Ананас Вечесловы привезли на Новый год. Ещё привезли Аринины любимые рот-фронтовские «батончики» и новую пижамку с разноцветными зонтиками. И очень жалели, что праздник она встретит в больнице.
Арина ни о чём не жалела, к подаркам отнеслась равнодушно и, проводив Вечесловых, с удовольствием вернулась в палату, облачилась в новую пижаму и улеглась спать.
– Арин! Ты с ума, что ли, сошла? Мы такой стол накрыли, а ты спать завалилась! Вставай, кому говорят! Новый год проспишь!
– Девчонки, вы берите всё… Ешьте, я не буду.
Ананас торжественно разрезали и съели всей палатой, уговаривали Арину попробовать, «хоть один кусочек, мы тебе самую серединку вырезали», но она отказывалась: «Вы ешьте, девчонки… я не буду. Меня даже от запаха еды мутит».
– Тебя лечили сном. От переутомления нервной системы. В этом отделении все такие лежат: после стрессовых ситуаций, потери близких, длительной усталости…
– Дед… После длительной усталости инвалидность не дают, а мне дали. Как я теперь жить буду? Зачем?..
– Ты говорил, вы мне квартиру купили. Я завтра уеду. Можно?
От предложения пожить дома до весны, квартира никуда не убежит – Арина отказалась. В Гринино они поехали вдвоём с Иваном Антоновичем, которого она раньше звала дедом, а теперь не знала, как называть.
В машине с трудом сдерживала слёзы, вспоминая, как уезжала когда-то из приюта. Машина была новая, а воспоминания старыми, в них её ждала волшебно прекрасная жизнь с бабушкой и дедушкой. Волшебство кончилось, бабушки с дедушкой у неё больше нет, а жизнь наступила другая, в которой она не знала, как жить.
«Гранд Чероки» подъехал к подъезду старой кирпичной пятиэтажки. «Приличная квартира» оказалась старой, как и дом, которому перевалило за пятьдесят – о чём сообщали выложенные под самой крышей белым кирпичом цифры: «1960».
За стальной массивной дверью «по прозвищу зверь» обнаружилась крошечная прихожая. От комнаты её отделяла полукруглая широкая арка. «Где же дверь?» – подумала Арина. А больше ничего не успела подумать: шторы на окне были её собственные – с золотой прошивкой, у стены стоял знакомый диван, а на комоде танцевали фарфоровые балеринки, изгибаясь и кружась в золотом свете дня. Она думала, что Вечесловы их выбросили. А вот её корзинка с незаконченным вышиванием! И шкатулка-сундучок с вышивальными нитками!

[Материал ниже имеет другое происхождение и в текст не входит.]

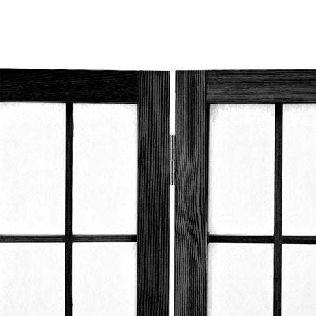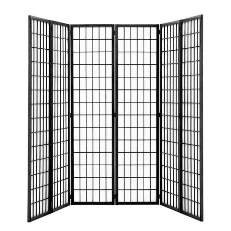 Black 6 Panel Solid Wood Folding Room Divider Privacy Screen
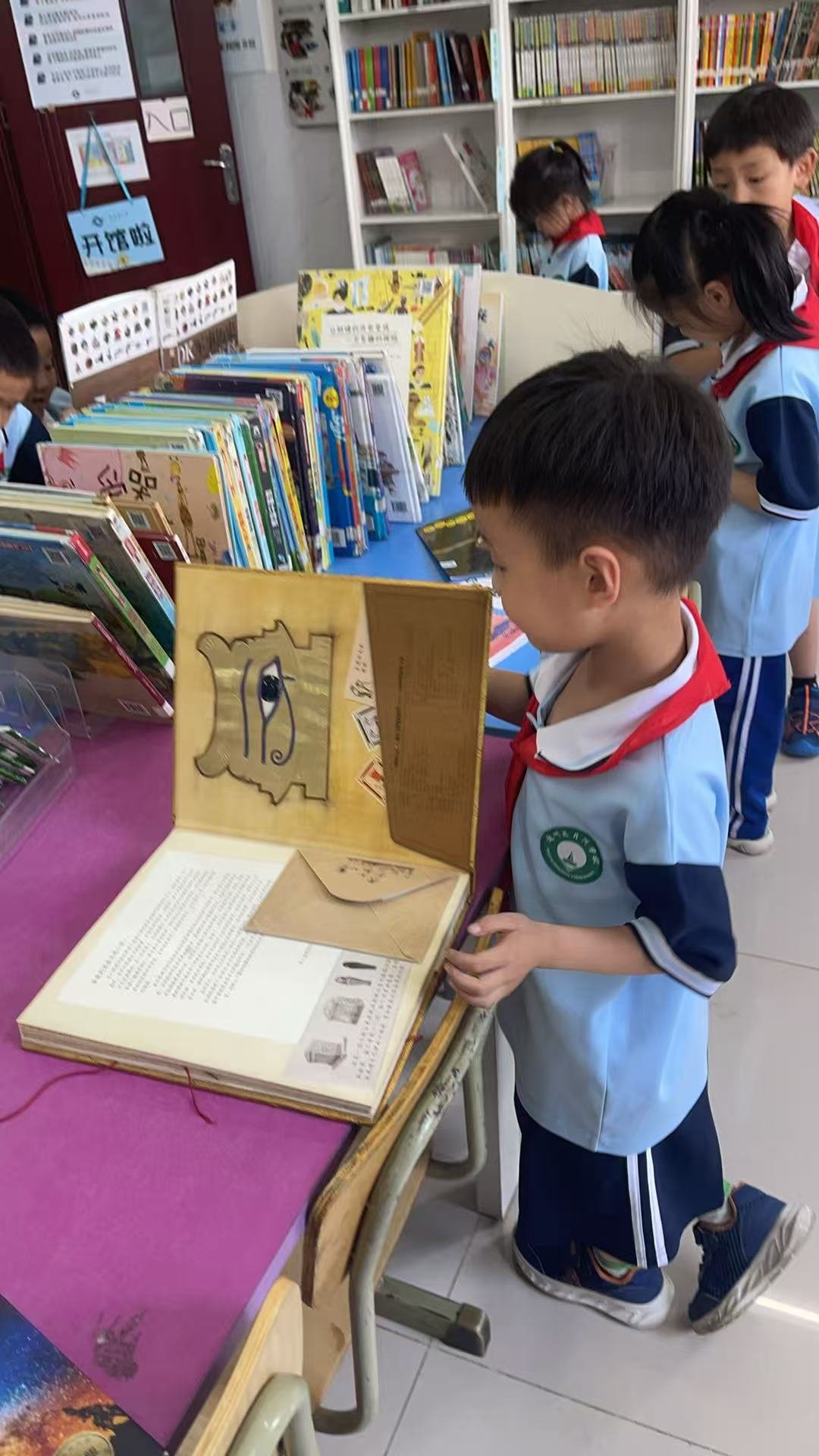 一早到馆,孩子看图书开门了,都主动来还书,有的孩子还想再借阅图书,给她(他)解释后,都很开心的走了;随说4馆春季开学开馆完了些,由于原来王校的引领,孩子们借阅氛围还是非常好的,暑期早闭馆了,只有给孩子们留点遗憾。

Арина виновато посмотрела на Вечеслова.
– А ты думала, мы всё выбросили? Думала, в голые стены тебя привезу? Молчи, не отвечай. Знаю, что – думала…
«Голые стены» были оклеены жёлтыми весёлыми обоями, под цвет штор. На полу – светло-серый палас. Овальный стол, накрытый льняной скатертью, окружали шесть стульев. Зачем ей столько? Она не собирается звать гостей. В стене виднелась дверь – светлая, почти незаметная на фоне обоев.
– А там что?
– А ты не спрашивай. Пойди да посмотри. Чай не в гости пришла, домой к себе.
За дверью оказалась маленькая комнатка, в которой с трудом поместились шкаф, раскладное кресло, два низеньких пуфика и компьютерный стол… с дедушкиным ноутбуком! От волнения Арина забыла, что собралась называть его по имени-отчеству.
– Дед! Это же твой!
– Не угадала. Похожий.
– Он же… дорогой очень. Девяносто тысяч стоит!
– Поменьше. Но почти угадала. Здесь и игры, и фильмы можно смотреть в хорошем качестве, и стереозвук, и клавиатура с охлаждением. А библиотеку я тебе закачал, фантастику, твою любимую. За всю жизнь не прочитаешь…
– Спасибо!
– Тебе спасибо, что дедом назвала. Взялась, понимаешь, по отчеству величать, ровно чужие мы.
– А мы… не чужие?
– Поговори мне ещё. Обратно в больницу отправлю. Скажу, бредит, своих не узнаёт. Кухню-то будешь смотреть?
Кухня была арбузно-алого торжественного цвета, а дверь заменяли шоколадно-вишнёвые портьеры, напоминавшие театральный занавес. У окна полукруглый столик с двумя выдвижными табуретами. За окном – заваленный снегом палисадник с чахлым одиноким кустом. Арина уселась на табурет и пообещала кусту, что они подружатся. А других друзей ей не надо.